Minister of Environment and Tourism
- In office 8 July 2020 – 21 January 2021
- President: Khaltmaagiin Battulga
- Prime Minister: Ukhnaagiin Khürelsükh

Minister of Health
- In office 4 October 2017 – 8 July 2020
- President: Khaltmaagiin Battulga
- Prime Minister: Ukhnaagiin Khürelsükh

Personal details
- Born: 1963 (age 62–63) Mongolian People's Republic
- Party: Mongolian People's Revolutionary Party

= Davaajantsangiin Sarangerel =

Mongolian politician

Davaajantsangiin Sarangerel (Даваажанцангийн Сарангэрэл) (born 1963) is a former photographer, journalist and the current Member of State Great Khural and Minister of Environment and Tourism in U.Khürelsükh's Second Cabinet. She served as Minister of Health in U.Khürelsükh's First Cabinet.

== Biography ==
Sarangerel was born in Ulaanbaatar in 1963. After finishing her schooling in 1979, she went to Russia to study photography at the Omsk State University (1983). For two years, she worked with the Montsame news agency as a photographer, before receiving her degree in journalism from the Rostov University in 1990.

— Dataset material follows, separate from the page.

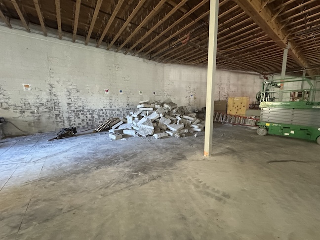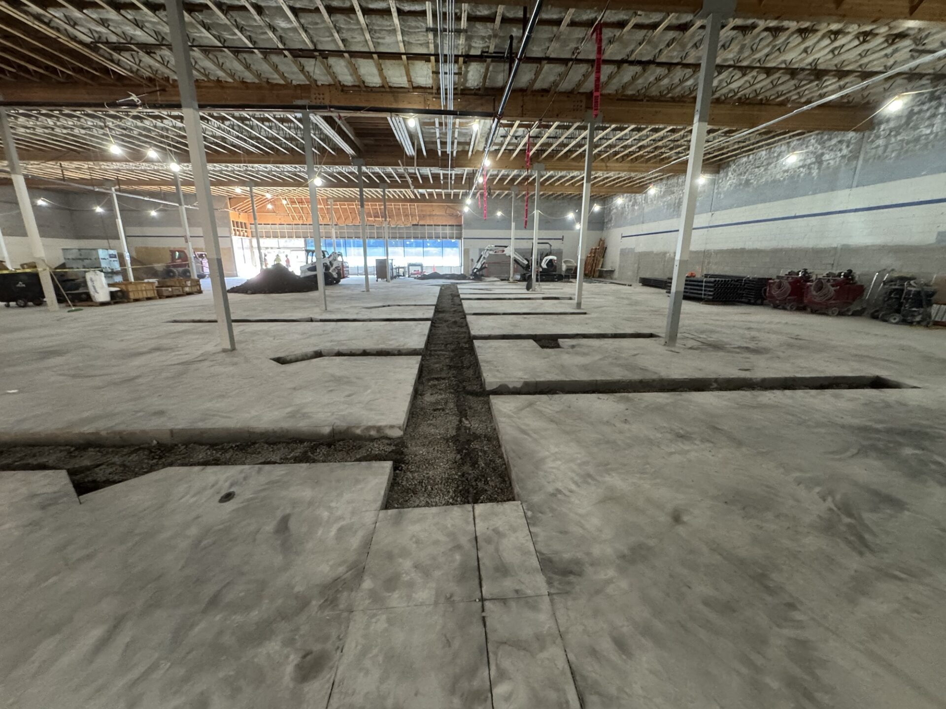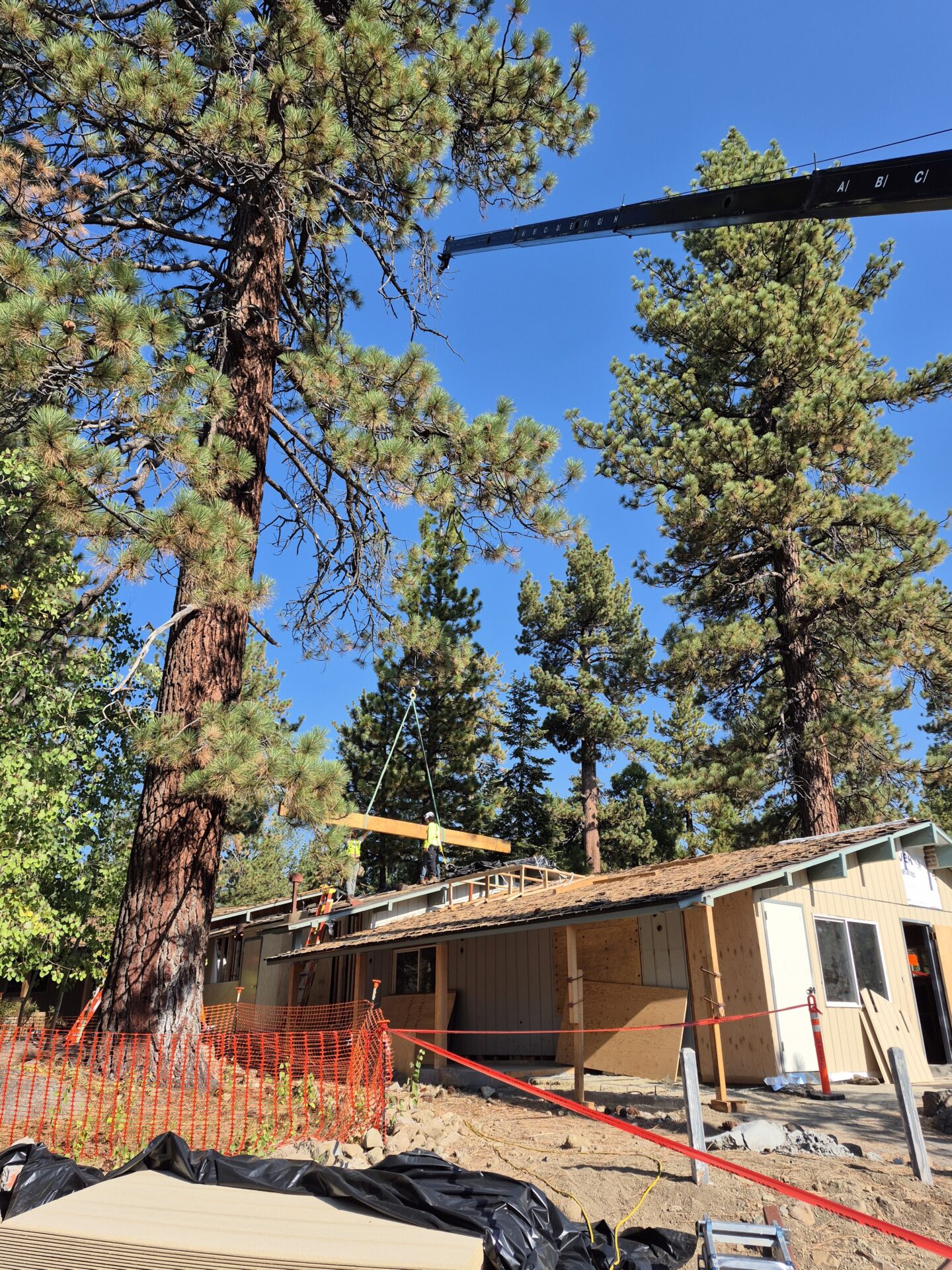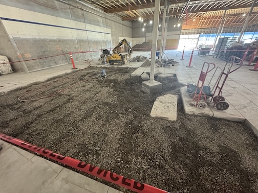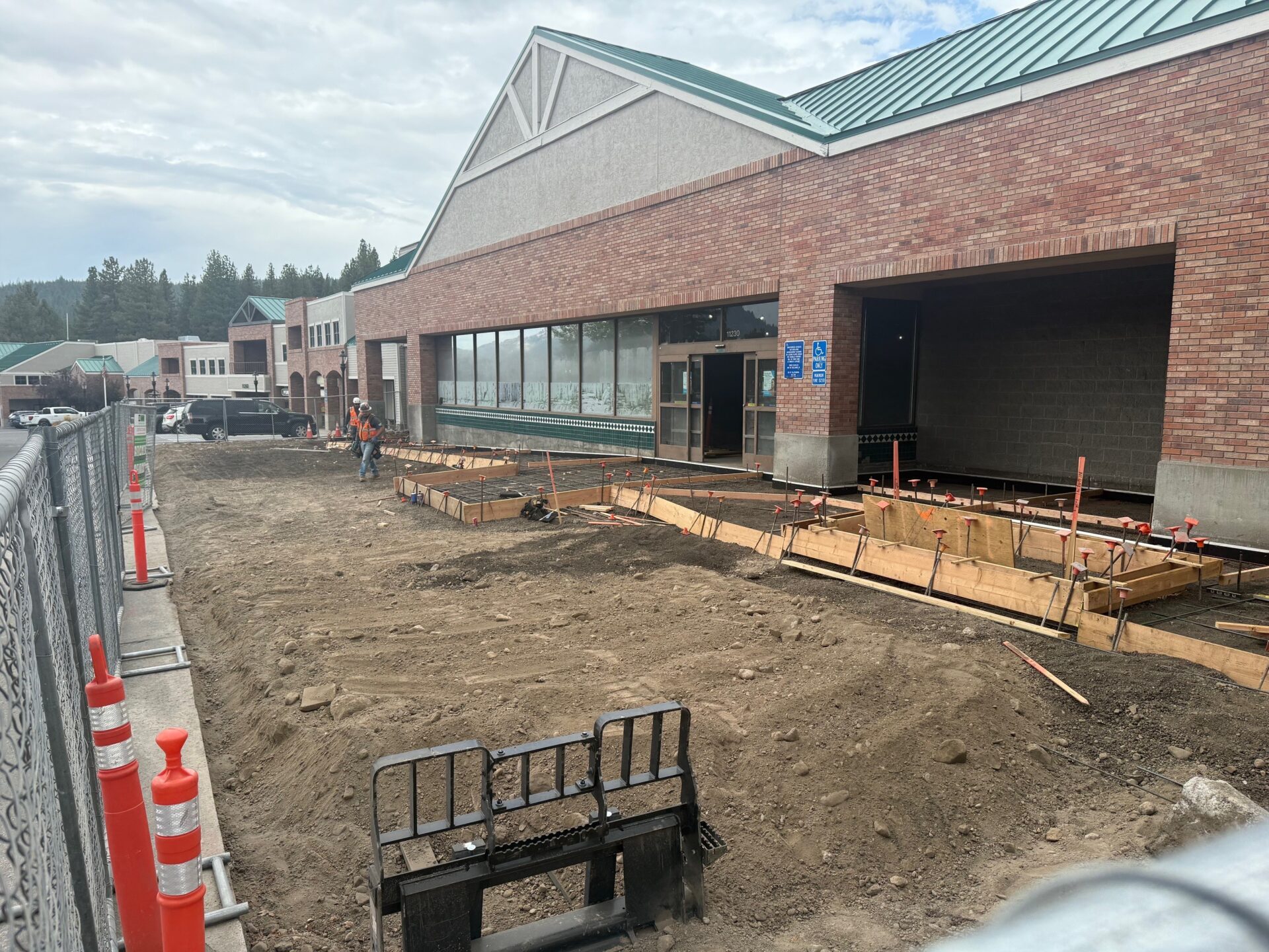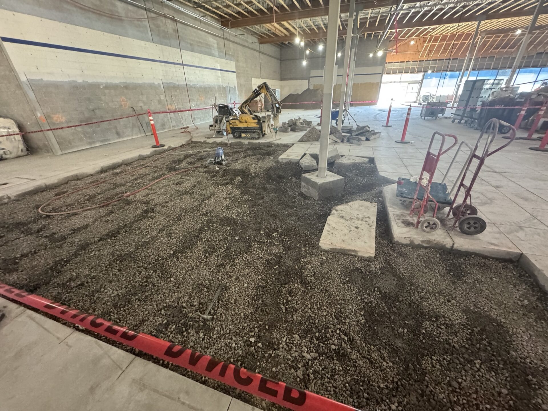 Following the Town of Truckee’s issuance of the building permit on July 28, 2025, construction at the Sierra Center began immediately. Contractors quickly got to work demolishing the existing walls, floors, and ceilings to make way for the next phase of development. The team has since moved on to installing under-slab utilities, preparing new front sidewalks and parking areas, and coordinating installation of the brand-new roof.

Sarangerel pursued a career in journalism and in 1990 became a correspondent for the Mongolian state broadcaster, where she later became its editor-in-chief. During 1995–99, she served as the director of Mongolia's national news agency. Later, Sarangerel joined TV5 in 2003 and worked as its general director from 2003 to 2005. She has been elected the chair of United Confederation of Mongolian Journalists twice.

A member of the Mongolian People's Party, Sarangerel was elected to the State Great Khural for the first time in 2012 and after her reelection four years later was made the Health Minister in Ukhnaagiin Khürelsükh's cabinet (2017).